Brent Crude Hits Pre-War Lows Following Iran Ceasefire Deal

Global oil markets witnessed a significant correction on Thursday as Brent crude prices tumbled to their lowest levels since before the onset of the Iran war. The price drop follows a landmark interim ceasefire deal aimed at reopening the Strait of Hormuz and easing sanctions on Tehran, significantly easing fears of a global supply crunch.

De-risking the Strait of Hormuz

The primary driver behind the price volatility reduction is the 14-point Memorandum of Understanding (MoU) between the United States and Iran. This agreement initiates a 60-day negotiation period, during which Iran has committed to allowing toll-free passage through the Strait of Hormuz—a maritime chokepoint that previously saw disrupted flows affecting 20% of the world's oil supply.

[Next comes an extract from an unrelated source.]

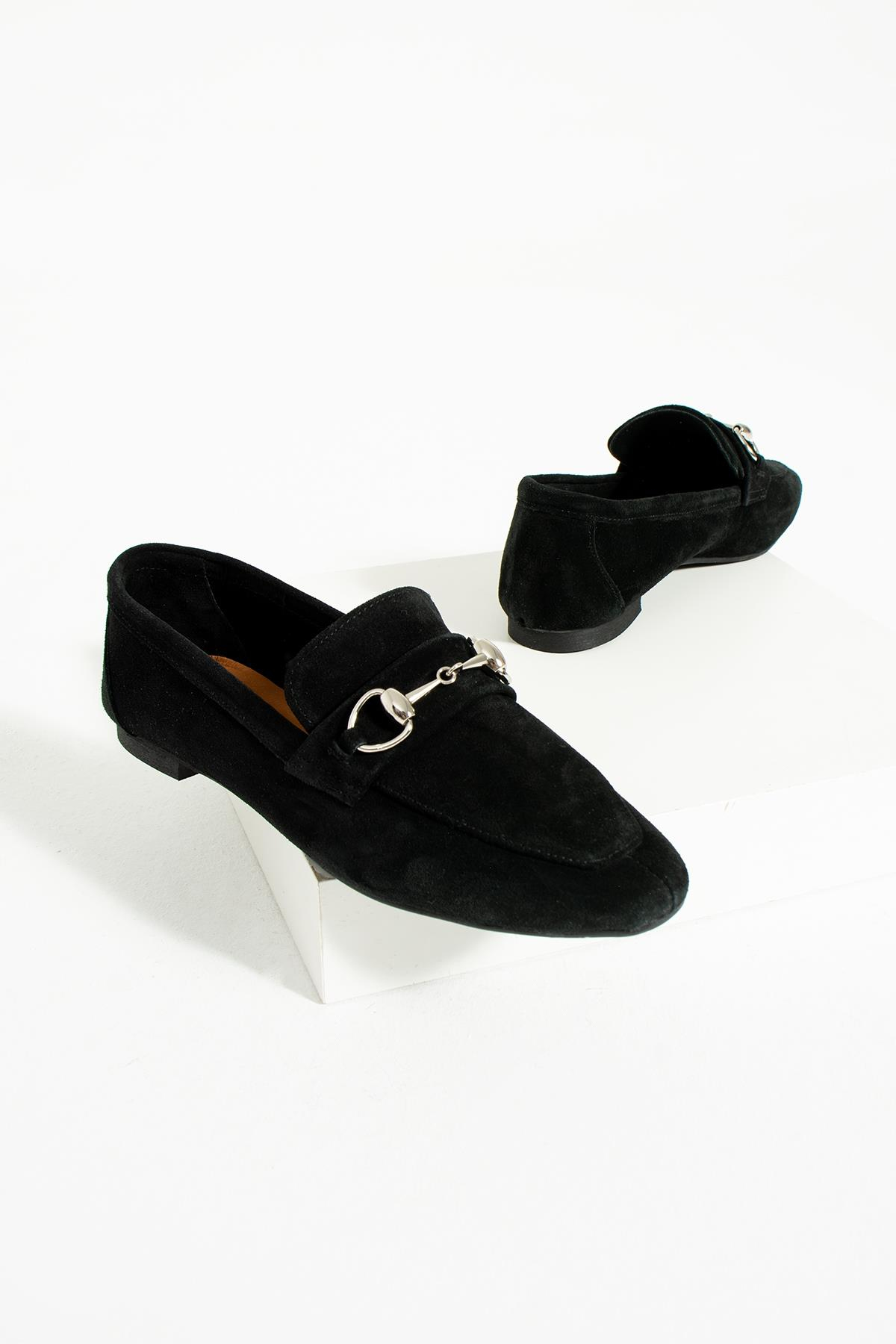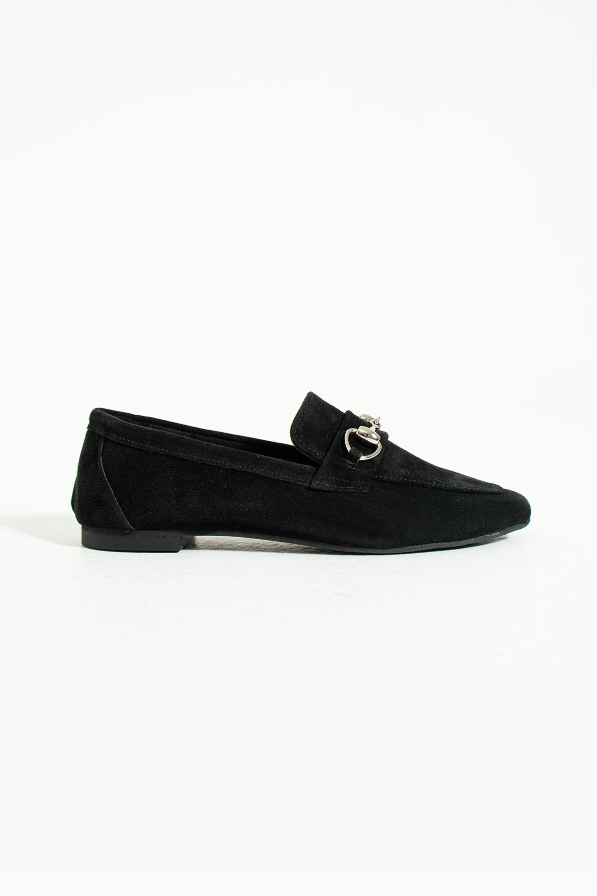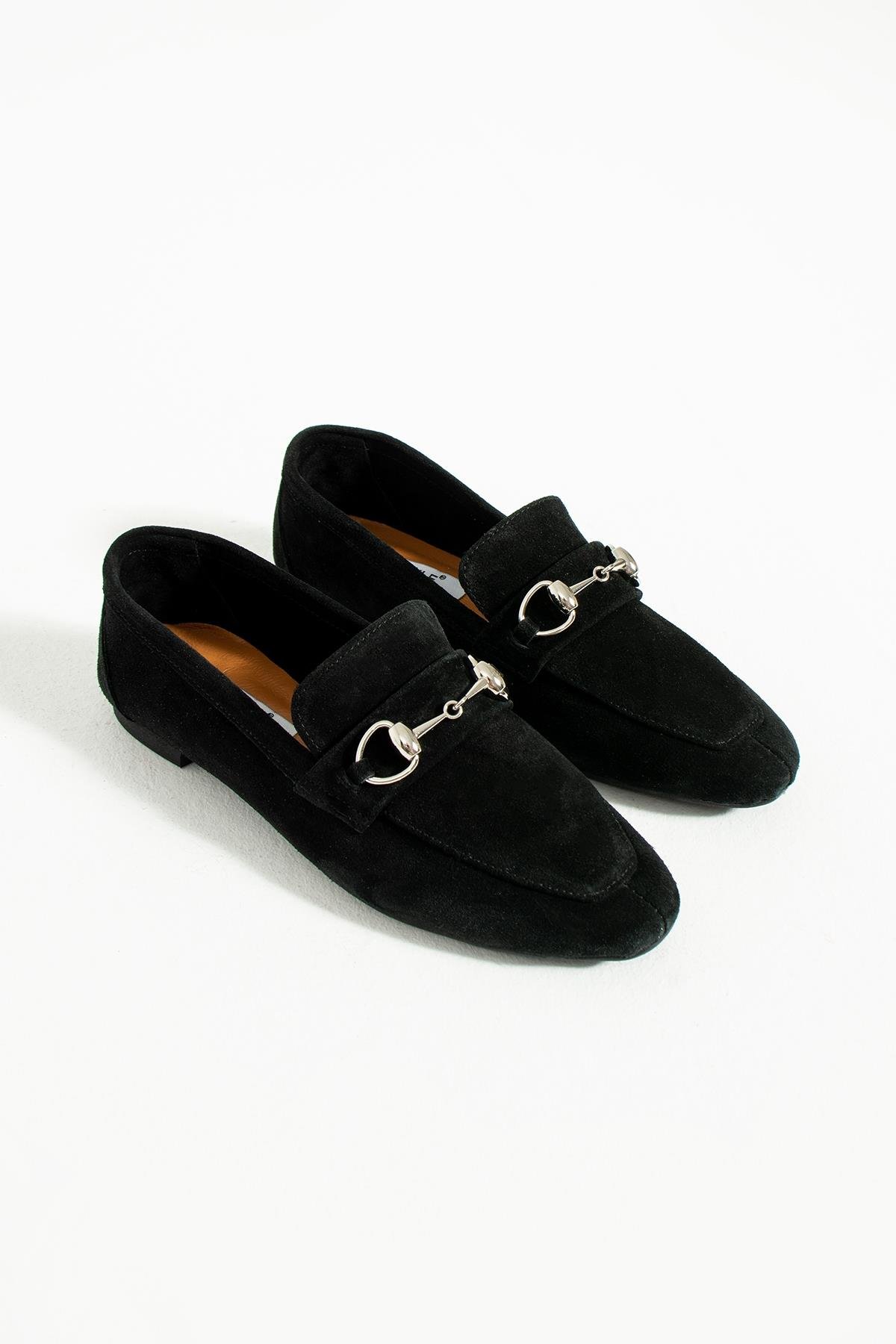Evan Kadın Siyah Gerçek Süet Deri Klasik Loafer, iş toplantılarından günlük gezilere kadar her ortamda giyebileceğiniz çok yönlü bir ayakkabıdır. Siyah rengin zarafeti, ayakkabıya sofistike bir hava katarak gardırobunuzdaki her kıyafetle uyum sağlar. Hakiki süet derinin yumuşak dokusu, her adımda konfor ve esneklik sunar.

The deal mandates that traffic through the strait must be restored to full capacity within 30 days. As Phil Flynn, senior analyst with Price Futures Group, noted, the potential reopening removes the massive "risk premium" that had been priced into crude due to supply fears. While full normalization involving insurance and sanctions relief may take time, the market is reacting to the immediate removal of the most pessimistic supply disruption scenarios.

Market Data and Price Movements

The impact on benchmarks was immediate and sharp. Brent crude futures dropped by $1.85 (2.33%) to trade at $77.69 per barrel, marking its lowest point since February 27, the final trading day before the initial U.S.-Israeli strikes on Iran. Similarly, U.S. West Texas Intermediate (WTI) fell by $1.89 (2.46%) to $74.90 per barrel, hitting its lowest level since March 4.

The interim accord also includes a massive economic component, requiring the United States and its partners to develop a $300-billion recovery plan for Iran. However, the deal remains preliminary, deferring complex issues such as Iran's nuclear program to a later stage.

Expert Projections: A New Price Floor?

While the immediate trend is bearish, industry experts suggest the decline may not be infinite. Goldman Sachs predicts that Gulf exports could normalize to pre-war levels by the end of July, with full crude production recovering by October. Specifically, the bank expects a 13 million barrel-per-day increase in Hormuz flows to reach approximately 70% of pre-war levels.

Despite the easing of tensions, BNP Paribas maintains a cautious outlook, suggesting that $75 per barrel could act as a "durable floor" for the foreseeable future due to ongoing supply losses and robust demand. Furthermore, long-term demand dynamics remain a factor; PetroChina’s research unit forecasts that China’s oil consumption could drop by 4.9% in 2026 as the nation pivots toward new energy sources.

Key Takeaways

  • Supply Stabilization: The ceasefire deal and the reopening of the Strait of Hormuz are expected to restore vital oil flows, removing the geopolitical risk premium from crude prices.
  • Price Benchmarks: Brent crude has retreated to $77.69, its lowest level since late February, while WTI has fallen to $74.90.
  • Normalization Timeline: Goldman Sachs expects Gulf exports to return to pre-war levels by late July, though analysts like BNP Paribas suggest $75 remains a critical support level.